Single by David O'Doherty
- Released: February 2007
- Recorded: 2007
- Genre: Comedy rock
- Length: 3:59
- Label: Independent
- Songwriter(s): David O'Doherty
- Producer(s): David O'Doherty

= Orange (song) =

2007 single by David O'Doherty

"Orange" is a song performed by Irish comedian David O'Doherty. It was released on CD in February 2007 as part of his attempts to have a "Minor" hit single, preferably at #27 in the charts. The exploits of O'Doherty trying to have this "hit" was featured in an episode of his TV series, The Modest Adventures of David O'Doherty.

The song was written and recorded by David O'Doherty, and was recorded onto standard CD-R discs using his own laptop to do so. His phone number was written on the back of the single's (also homemade) artwork so that if the people who bought it couldn't get it to play, they could contact him and he would play them the song over the phone.

==Song promotion==
Fewer than 312 singles were produced, as it usually only takes this number of single sales to enter the Irish Single Chart top 30. As such, the physical single is now a rare collector's item for fans of his.

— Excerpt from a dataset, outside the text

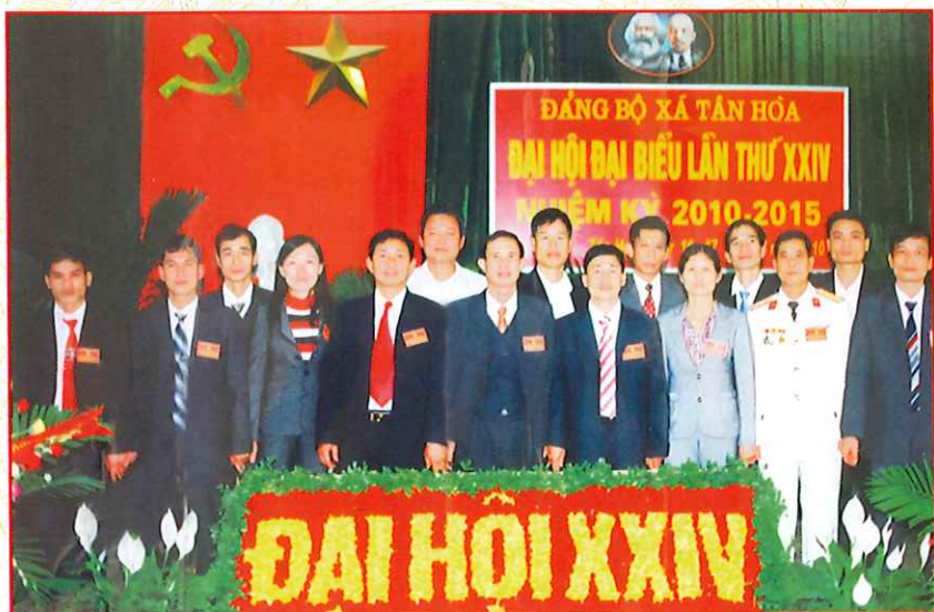
Ban Chấp hành Đảng bộ xã Tân Hòa nhiệm kỳ 2010 - 2015

The song received limited airplay on the radio due to profanity in the lyrics towards the end of the song. However, O'Doherty showed up to various radio stations, such as Rick O'Shea's 2FM show, to perform a version of the single live in order to promote it.

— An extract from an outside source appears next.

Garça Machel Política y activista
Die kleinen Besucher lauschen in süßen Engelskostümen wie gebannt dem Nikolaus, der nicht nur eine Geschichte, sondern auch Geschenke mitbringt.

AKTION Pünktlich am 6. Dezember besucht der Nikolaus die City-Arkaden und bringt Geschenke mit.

The single was launched at the branch of Oxfam on Parliament Street in Dublin. However, at the launch, people couldn't buy the single as it wouldn't register in the Singles chart. The CD was only available in two stores: Tower Records and Road Records, both in Dublin.

==Song content==
The song itself features a catchy, bouncy beat combined with a calmly sung verse and a drumming chorus.

It tells the story about a man that works in a photocopy shop who makes his own badges. He has never had any luck with women and was too shy to ask any of them out on a date. At the same time, there is a woman who got fired from the pizza parlour where she worked, as she was a militant vegetarian and tried to make all the pizzas vegetarian too. She never got asked out either. She was a fan of Garfield and took a poster into the photocopy shop where the man was working. They struck up a conversation and arranged to go out to a pub on a date. However she turned up to the date wearing a lot of badly applied fake tan. Hence, she is "orange" in colour.

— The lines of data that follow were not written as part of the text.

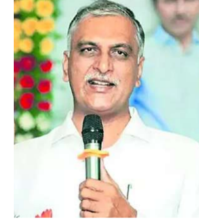
వెంటనే ప్రత్యేకంగా పీవీఎస్ డివిజన్ ఆఫీసును ఏర్పాటు చేయాలని డిమాండ్ చేశారు.

యనాలు స్పష్టం చేస్తున్నాయి. ముంపు వల్ల వచ్చే వడో నష్టపోతున్న సుమారు 2,000 కుటుంబాలకు తక్షణమే సప్లయ్ పరిహారం పాటు పూర్తి స్థాయి పునరావాసం కల్పించాలని హరిష్ రావు డిమాండ్ చేశారు. భద్రాచలం డ్రైనేజీ వ్యవస్థకు అనుసంధానంగా ఉన్న 8 అవుట్ పోర్ట్ రెగ్యులేటర్లు బ్యాక్ వాటర్ ముప్పును ఎదుర్కొంటున్నాయి, కాబట్టి వరద నీటిని గోదావరిలోకి పంపేందుకు తక్షణమే పంపింగ్ స్టేషన్లు, ట్రిబ్యుల్ ఫ్లాంట్లు నిర్మించాలని కోరారు. భద్రాచలం వద్ద కొత్తగా 5 కిలోమీటర్ల మేర కరకట్టల నిర్మాణం చేపట్టడంతో పాటు, బూర్గంపాడు, సారపాక తదితర ముంపు గ్రామాలకు రక్షణ గోడలు నిర్మించి పరిహారం అందించాలని కోరారు. తెలంగాణలో పోలవరం ముంపు సమస్యల పరిష్కారం, పునరావాస పనుల పర్యవేక్షణ కోసం భద్రాచలంలో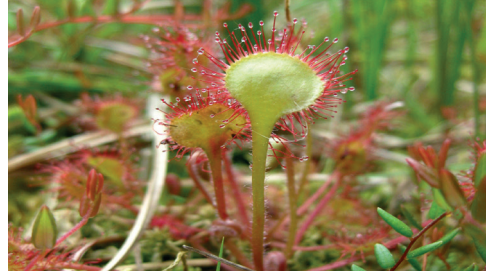
Rundblättriger Sonnentau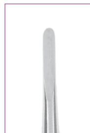
#6 3,0 mm REF 11876

The man was seriously put off by this and wanted to end the date, but instead she leaves him when he orders a packet of bacon snacks because this goes against her beliefs as a vegetarian. The song ends with the man and woman realising that they weren't meant for each other after all.

The song's lyrics reference many random orange items such as Garfield, Fanta, Tonka Trucks and the Oompa Loompas from the film, Willy Wonka & the Chocolate Factory.

==Music video==
The music video features the story of the song being acted out, interspersed with scenes of O'Doherty singing in a white suit on a beach. On his TV show, he noted how the biggest selling Irish artists like Westlife, Boyzone or Johnny Logan, usually wore white suits in their music videos. In this way, he hoped to emulate their success.

The part of the man is played by fellow Irish comedian Bernard O'Shea. The video can be seen on YouTube. The song famously ended with the man leaving and saying the line "that shit, that shit is fucking insane" (referring to her bad fake tan use).

==Chart performance==
The song reached #30 in the Irish singles charts. O'Doherty had been hoping it would reach #27, but this position was held by Jibbs's song "Chain Hang Low". He was still happy with his "success", as it meant he had a minor chart hit. The song is now considered a cult hit by O'Doherty's many fans.